The Green New Deal is the best idea in economics in 50 years. It's the best idea in politics in 50 years. It is also, without a doubt, the best idea to come out of the Democratic Party in 50 years.

At least in its essence. That essence is to have the US commit to making "100 percent of the power demand in the United States through clean, renewable, and zero-emissions energy sources." Energy has to be delivered. That calls for upgrading the grid. It needs to be used efficiently, so the plan calls for "upgrading all existing buildings," building new ones according to an energy code, and improving the transportation system.

The brilliance of the idea is that it allows us to deal with the sources of our greatest political discontent. If Hillary Clinton had said, "the coal industry is declining, so we're going to put a whole lot of coal miners to work building solar installations and giant wind farms. They'll make more money than in the mines and will even be able to get their unions back," instead of "We're going to put a lot of coal miners and coal companies out of business," would those mythically miserable coal miners still have voted for Trump? And continue to hate the EPA?

After World War II, the US was the only industrial power left standing. It was easy to have a great economy. But the rest of the world started catching up. They could compete with lower wage, safety, insurance, environmental, and health care costs. Simultaneously, America's economic thinking become more rigidly theological, with "free trade" and "free movement of capital" as core beliefs.

Free trade means no barriers to low-wage competitors. Free movement of capital means money can travel freely, chasing profit around the world, and it has no obligations to the friends and family it has left behind.

Those "freedoms" gave business their ultimate weapon against labor. Do it cheap or we move it overseas.

They gave the finance sector its ultimate weapon against businesses. If a business can be leveraged, downsized, and asset-stripped to get cash out, and if that cash can race electronically around the globe, churning mini-percentage profits in microseconds, finance will insist on doing exactly that.

The Green New Deal—solar, wind, tidal power, rebuilding the grid, emission-free cars and trucks, efficient transit systems, making buildings energy efficient—is essentially a massive construction project. It can't be outsourced or off-shored.

Doing things creates expertise and talent pools. Hollywood remains Hollywood against constant assaults. Every week, some place is the "new Silicon Valley," but it isn't. Boston and London both have six of the world's top 200 universities, yet Oxford—with just one—is still Oxford. Wall Street is finance. Paris is fashion. Whoever is the first to be the greatest at green will become known for it. They'll attract talent and investment. They'll be the Hollywood, Silicon Valley, Wall Street, Oxford of green.

The Green New Deal calls for massive investment in research. Like we did for the arms races in World War II, the Cold War, and whomever we're fighting today. As a result, we make great weapons and have 32 percent of the world's arms trade.
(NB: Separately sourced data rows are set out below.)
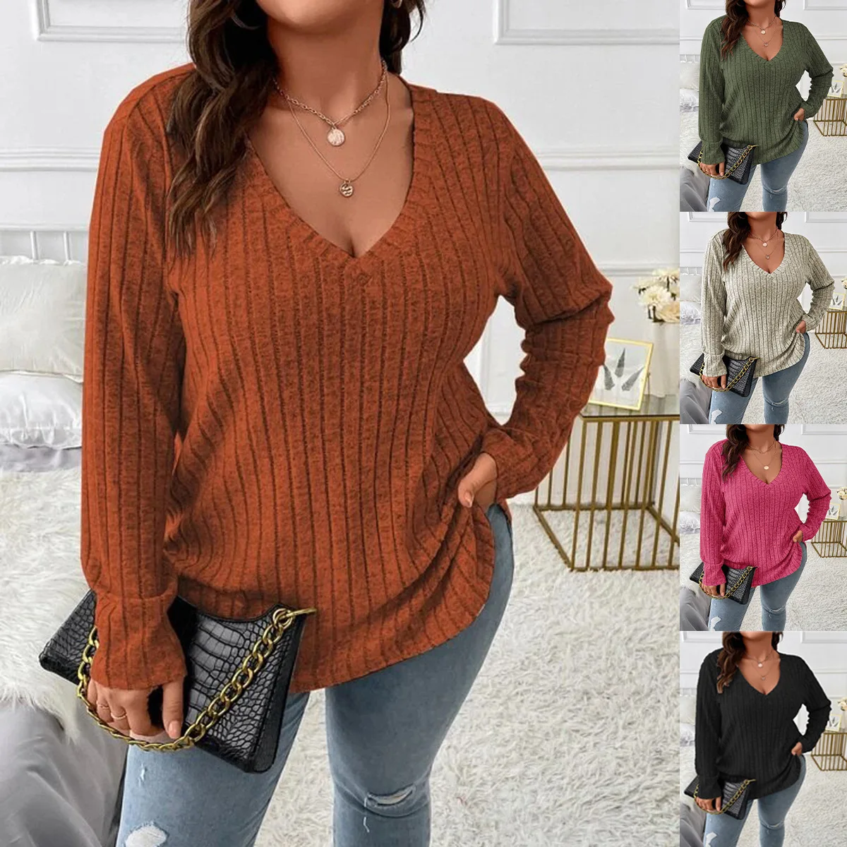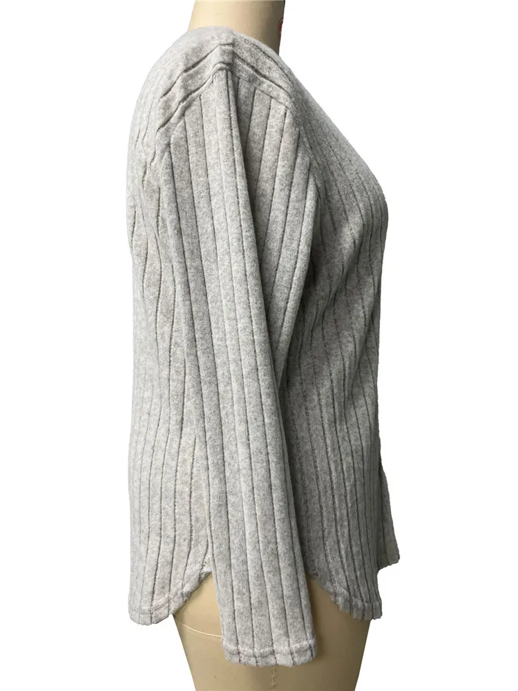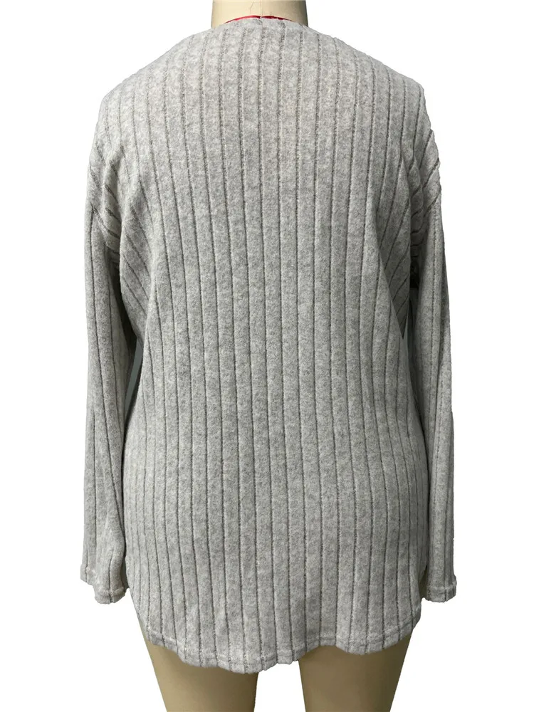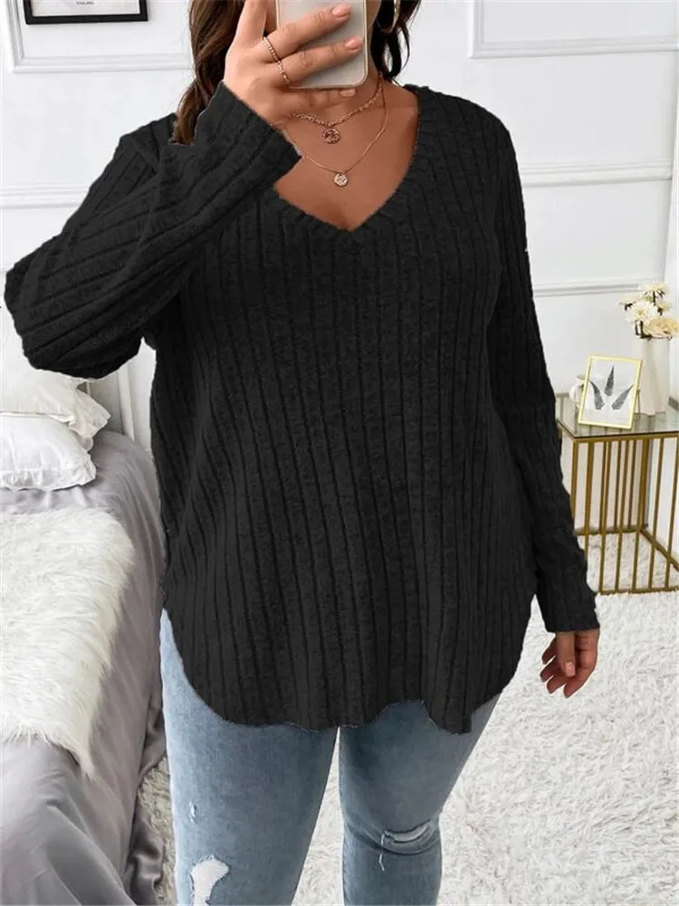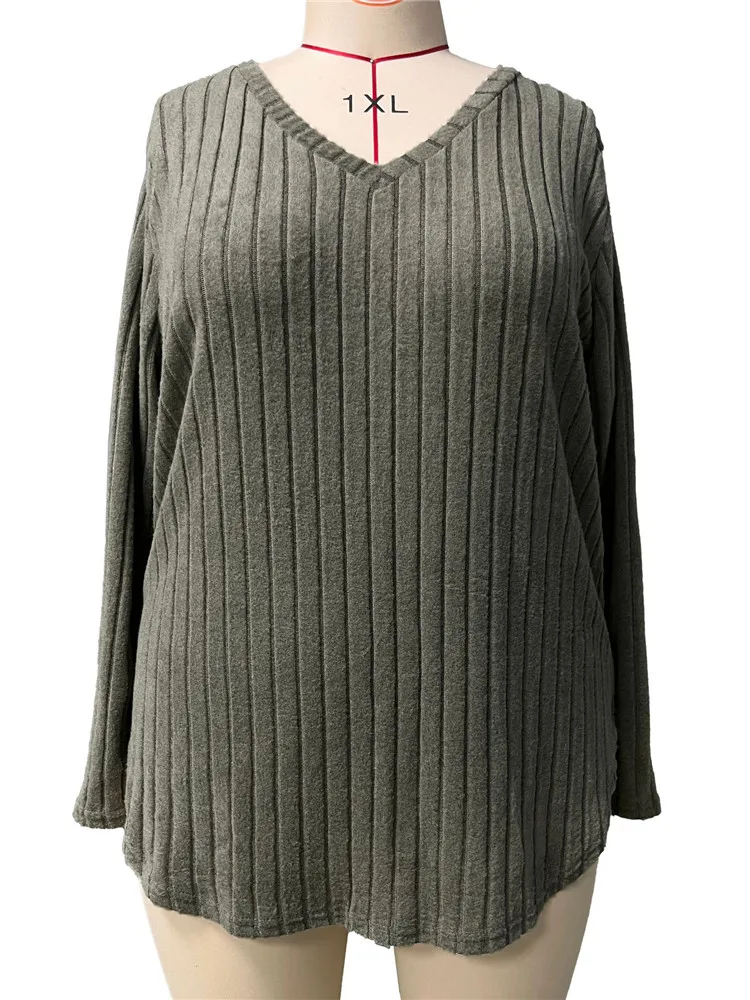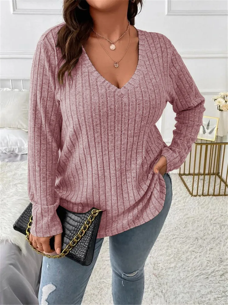 Women's Plus Size Clothing Long Sleeve T-Shirt Casual Fashion V Neck Striped Knitted Tops Spring Ladies Solid Loose T Shirts 5XL
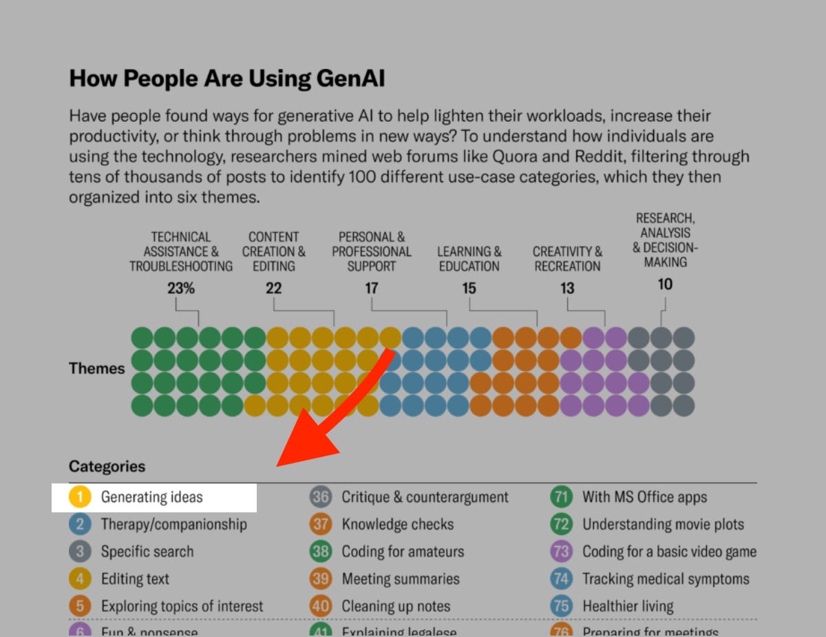According to research published in the Harvard Business Review, the most common way people use ChatGPT is to generate ideas. This finding came from an analysis of tens of thousands of posts on forums like Reddit and Quora.
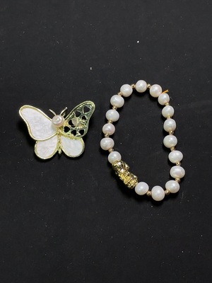 C32716325 Pearl Brooch + Bracelet, Total Weight Approx. 21.16g, Non-Gold Setting, Sell as a Lot
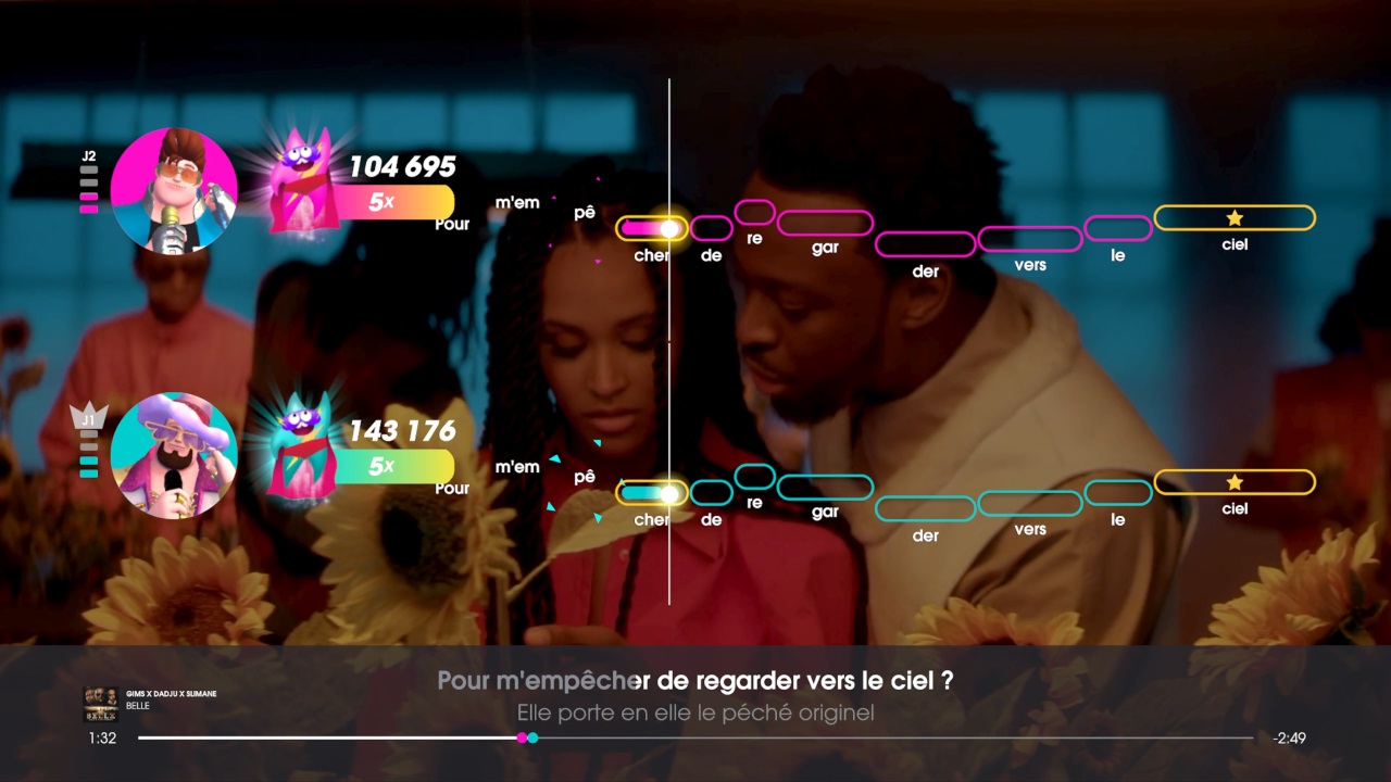 Un premier problème se pose alors rapidement : la lecture des paroles implique de poser son regard sur le bas de l’écran. Or la tonalité est, quant à elle, sur la partie centrale. Certes, les paroles sont aussi présentées sur les bâtonnets de justesse, mais l’écriture y est tellement petite qu’à moins de vous coller à l’écran, il ne sera pas possible de les lire… Si vous ne connaissez pas cette chanson il faudra donc choisir entre les paroles et la tonalité… ou vous contenter de La La La. Un bon choix stratégique, bien que manquant de fun (et d’équité face à ceux qui chantent vraiment !).

Last year, 45 percent of the world's investment in renewable energy went to China. China invests $3 in electric vehicles for every $1 the US invests. Japan, India, Germany, Scotland, and Sweden are all making major investments in renewable energy.

Five years, 10 years, 20 years down the road, who will be the producers and who will be the consumers?

The big scream against the Green New Deal is that it costs too much. It can't be paid for. It will bankrupt the country.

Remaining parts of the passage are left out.